▶ _Your goal_
Make an exact copy, from the records below, of the lines from the line containing "從金額方面來(lái)看,數" to the line containing "2017年10月份中国汽车经销商库存预警指数为49.9%", both lines included, excluding pictures.

▶ _Material for this task_
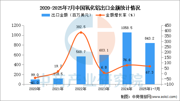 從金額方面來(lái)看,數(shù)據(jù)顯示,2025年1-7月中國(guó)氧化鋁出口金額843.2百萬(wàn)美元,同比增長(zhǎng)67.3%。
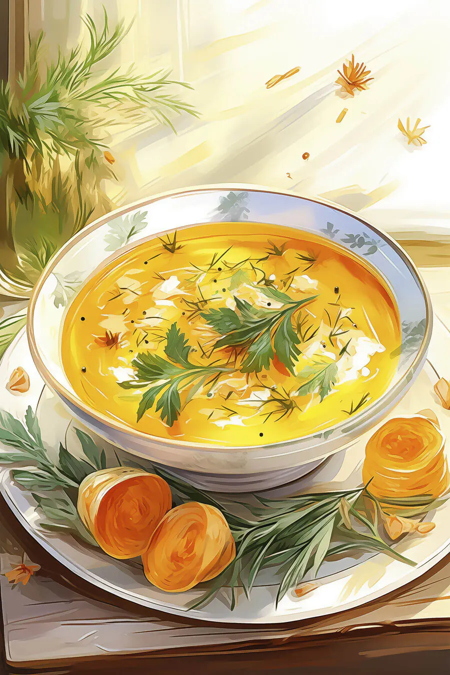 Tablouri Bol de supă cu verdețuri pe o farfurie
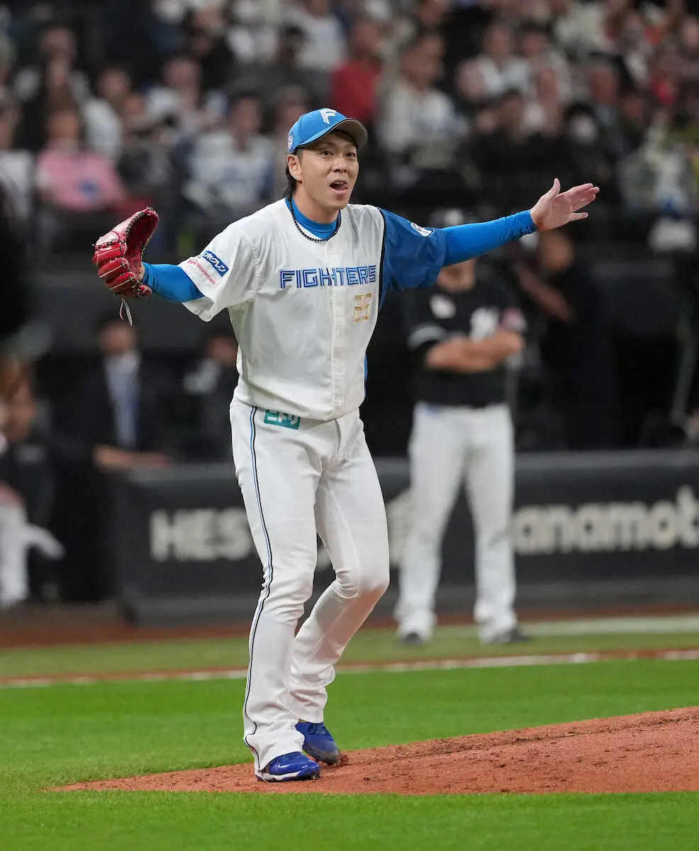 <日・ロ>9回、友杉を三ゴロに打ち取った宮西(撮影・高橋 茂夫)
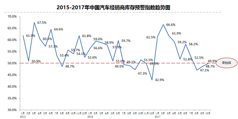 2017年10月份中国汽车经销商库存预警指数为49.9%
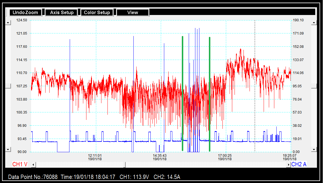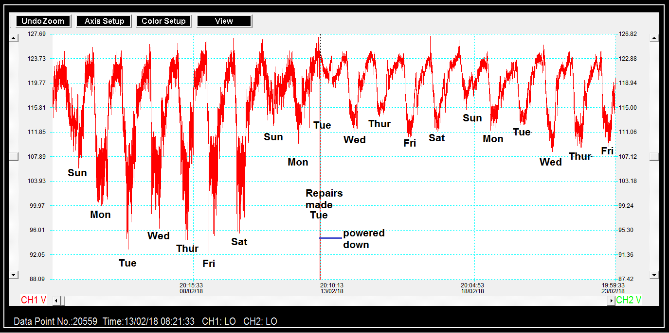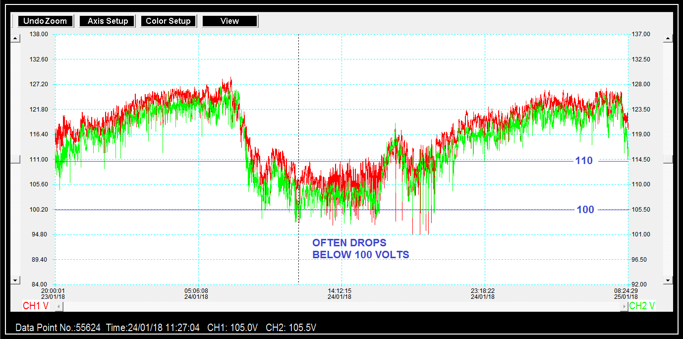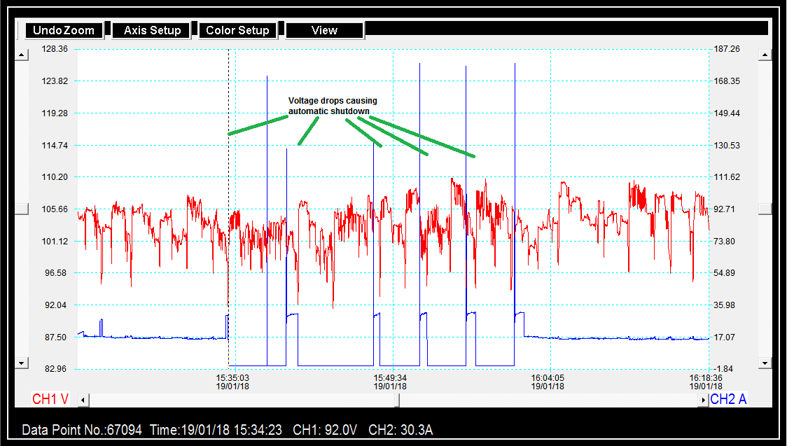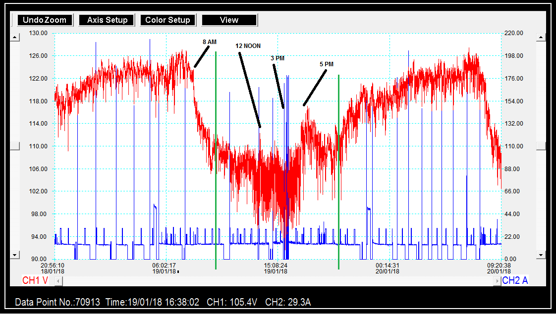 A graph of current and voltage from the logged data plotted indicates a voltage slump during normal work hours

---

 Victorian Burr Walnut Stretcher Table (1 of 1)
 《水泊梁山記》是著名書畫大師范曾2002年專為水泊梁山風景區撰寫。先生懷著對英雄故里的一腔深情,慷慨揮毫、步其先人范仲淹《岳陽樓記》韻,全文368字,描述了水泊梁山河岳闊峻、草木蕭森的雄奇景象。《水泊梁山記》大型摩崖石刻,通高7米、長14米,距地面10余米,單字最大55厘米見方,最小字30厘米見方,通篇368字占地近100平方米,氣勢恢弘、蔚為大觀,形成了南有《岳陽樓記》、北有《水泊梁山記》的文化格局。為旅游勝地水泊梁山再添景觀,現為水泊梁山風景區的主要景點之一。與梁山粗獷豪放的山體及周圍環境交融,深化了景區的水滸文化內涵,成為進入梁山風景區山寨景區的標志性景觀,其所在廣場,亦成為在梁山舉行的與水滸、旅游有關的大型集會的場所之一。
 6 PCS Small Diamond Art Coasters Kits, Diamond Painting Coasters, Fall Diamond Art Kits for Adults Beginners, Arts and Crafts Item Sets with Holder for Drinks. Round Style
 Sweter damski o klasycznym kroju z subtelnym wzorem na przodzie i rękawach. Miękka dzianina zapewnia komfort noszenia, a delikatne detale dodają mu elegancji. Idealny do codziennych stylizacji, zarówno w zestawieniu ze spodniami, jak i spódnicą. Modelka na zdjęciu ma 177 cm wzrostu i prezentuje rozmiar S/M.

▶ _Worked solution_
 從金額方面來(lái)看,數(shù)據(jù)顯示,2025年1-7月中國(guó)氧化鋁出口金額843.2百萬(wàn)美元,同比增長(zhǎng)67.3%。
 Tablouri Bol de supă cu verdețuri pe o farfurie
 <日・ロ>9回、友杉を三ゴロに打ち取った宮西(撮影・高橋 茂夫)
 2017年10月份中国汽车经销商库存预警指数为49.9%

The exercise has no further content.